Required work: Please print exactly the lines below, from the start of the material up to and including the line with "Une page d'Inscription", but none of the pictures.

Records supplied:
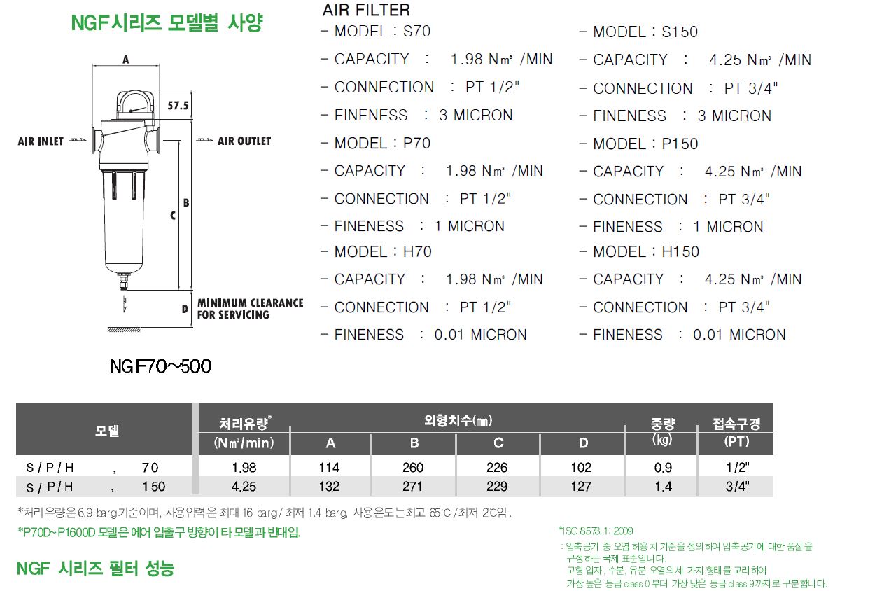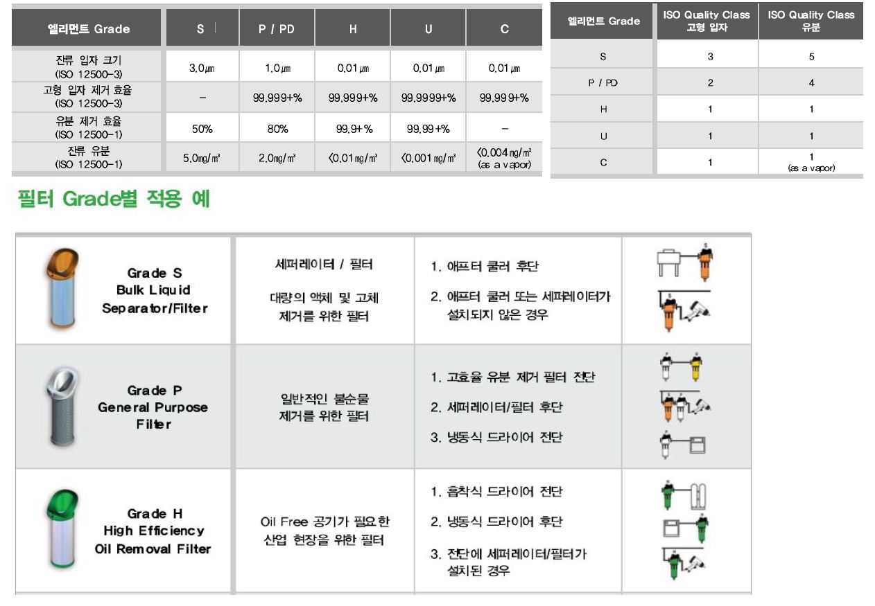 - ISO 8573-1에 의거 등급별로 에어필터를 사용하면됩니다
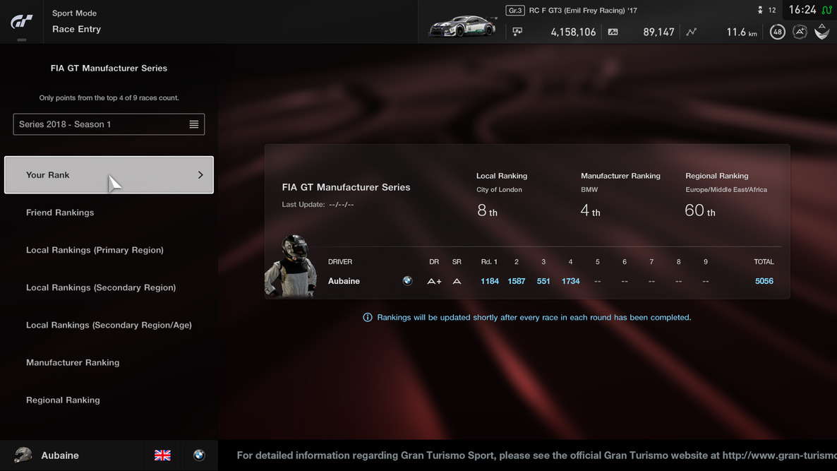 Une page d'Inscription de joueur sera ajoutée au mode Sport. Saisissez votre adresse pour accéder au classement de votre région sur l'écran du Championnat.
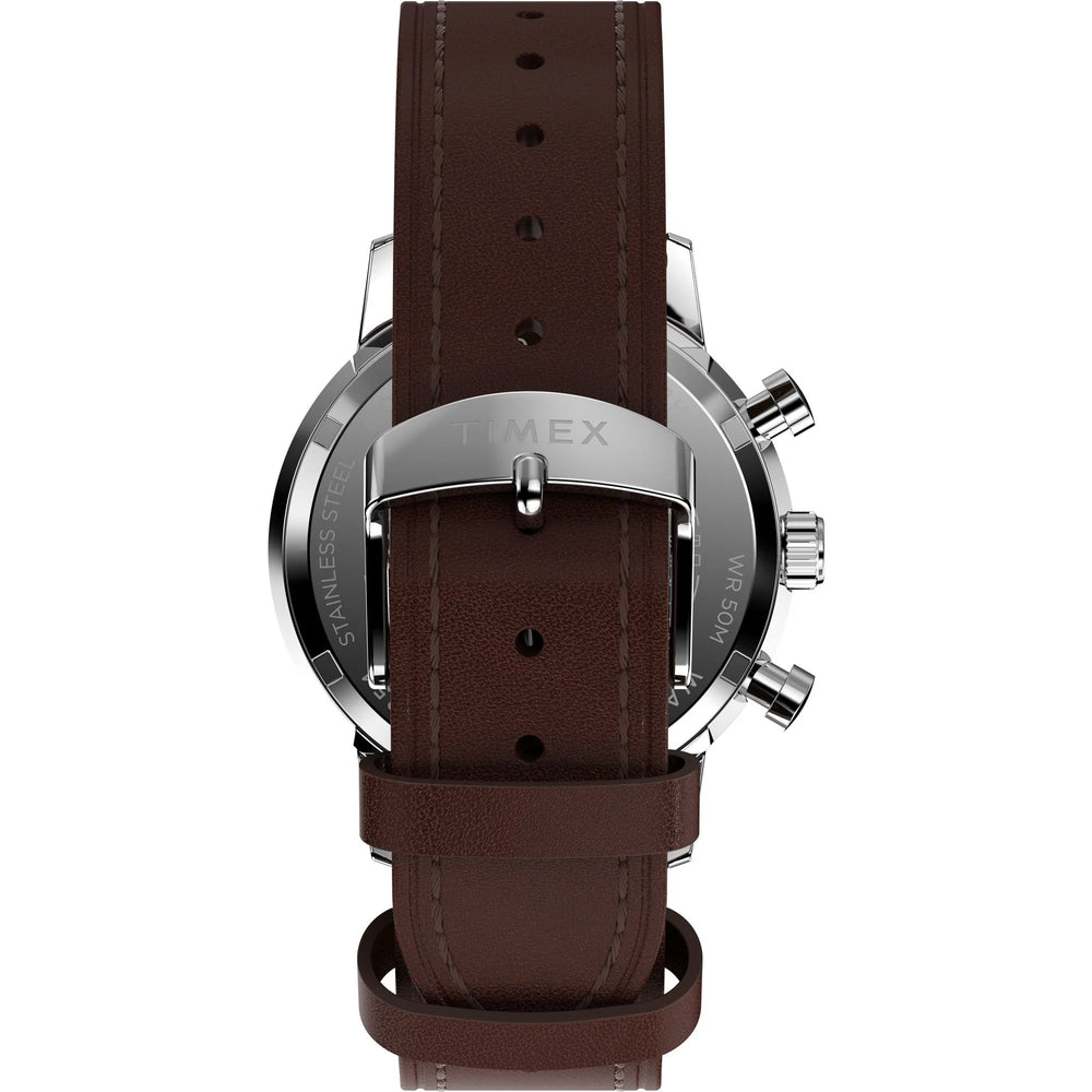 Our Marlin® Chronograph Tachymeter boasts the distinction of being the first chronograph in our Marlin line, as well as the first Marlin powered by a quartz movement. This beautifully detailed rendition features a tachymeter index along its outer minute track to measure speed, as well as a unique date window placement. We’ve paired it with a supple brown natural leather strap, sourced from the Leather Working Group® (LWG) and complete with quick-release spring bars. Though its build breaks new ground in our watchmaking heritage, this timepiece retains the classic Marlin features with a sturdy 40mm stainless-steel case, domed acrylic crystal lens, and retro-style applied indices at 3, 9, and 12 o'clock.
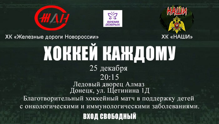Матч между командами ХК «Железные дороги Новороссии» и ХК «Наши» организован совместно с благотворительным фондом «Время добрых» и пройдет в поддержку детей с онкологическими и иммунологическими заболеваниями. Игра состоится в ледовом дворце «Алмаз» в Донецке 25 декабря. Начало в 20.15. Вход свободный.
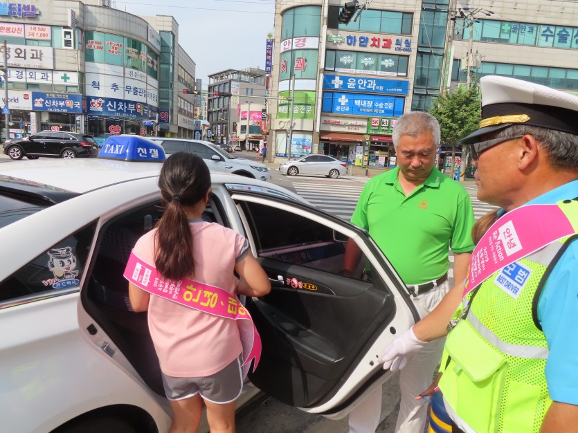 아이들이 직접 그리고 쓴 캠페인 소품을 택시들 조수석 뒤에 걸고 태안군민과 태안을 찾는 관광객을 대상으로
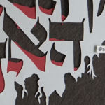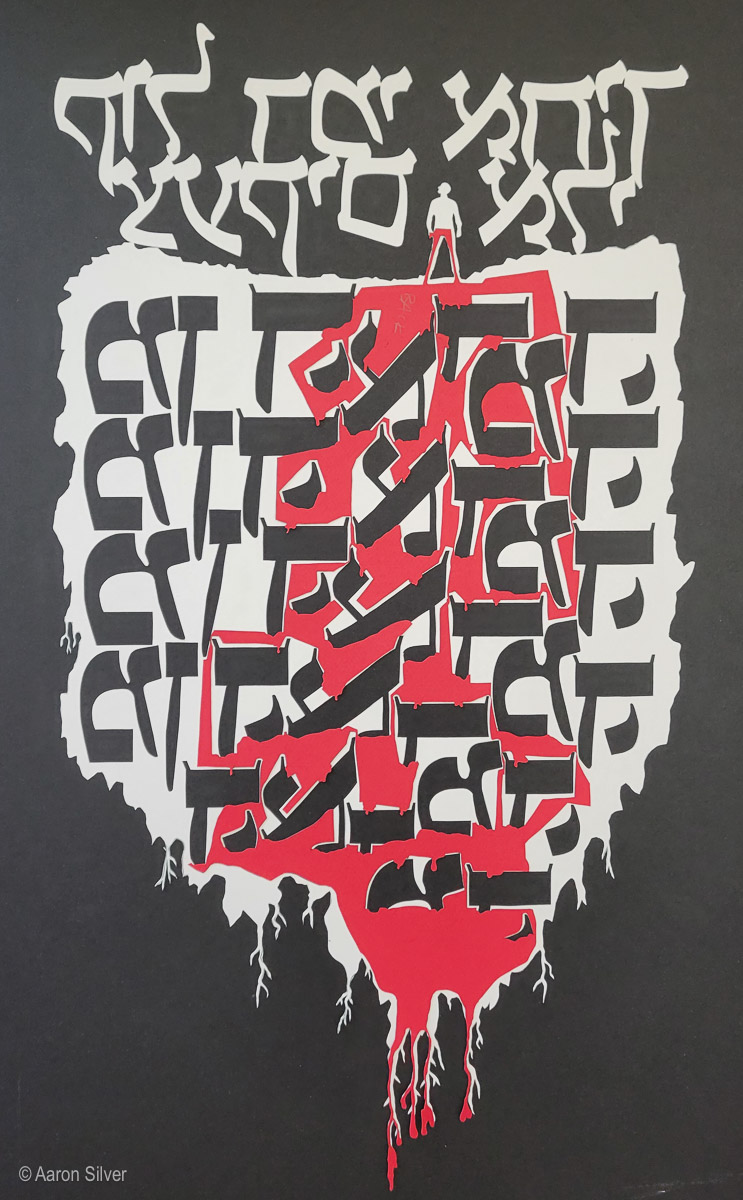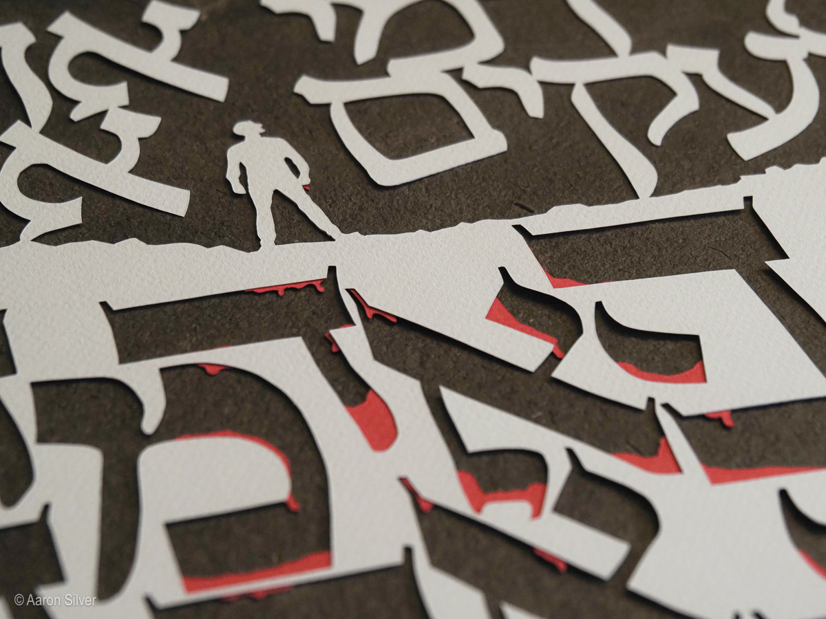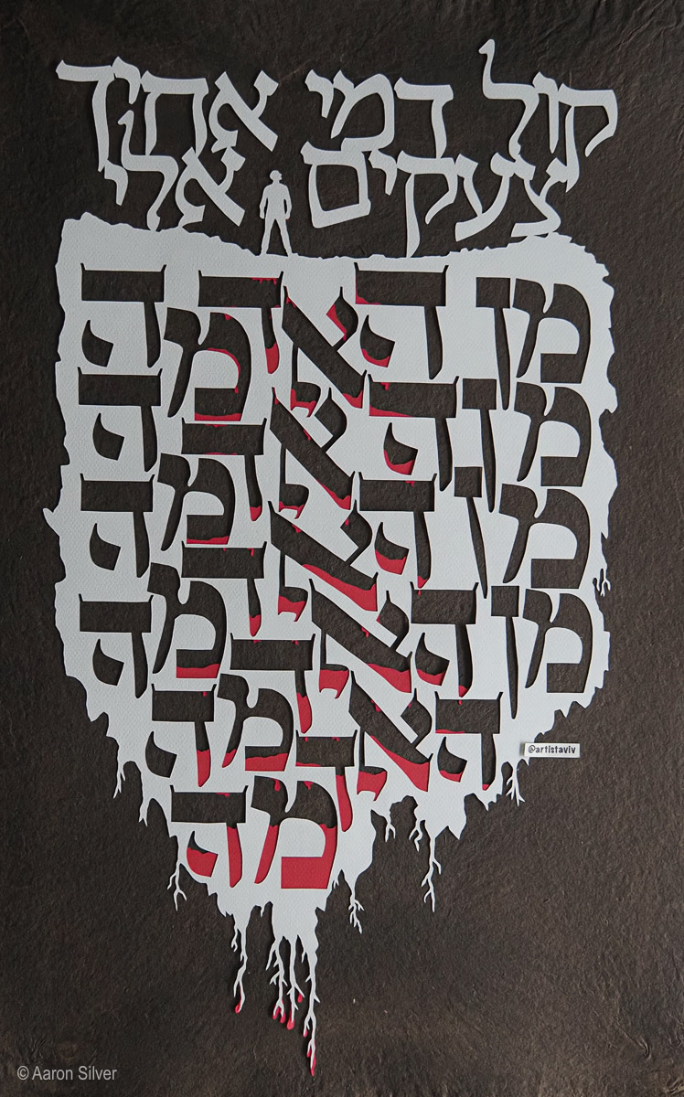 The text in this papercut comes from Genesis 4:10, when God is talking to Cain after Cain has killed Abel and then said to God “Am I my brother’s keeper?” God responds, “What have you done?! The voice of your brother’s blood cries out to Me from the ground.”

Written solution:
 - ISO 8573-1에 의거 등급별로 에어필터를 사용하면됩니다
 Une page d'Inscription de joueur sera ajoutée au mode Sport. Saisissez votre adresse pour accéder au classement de votre région sur l'écran du Championnat.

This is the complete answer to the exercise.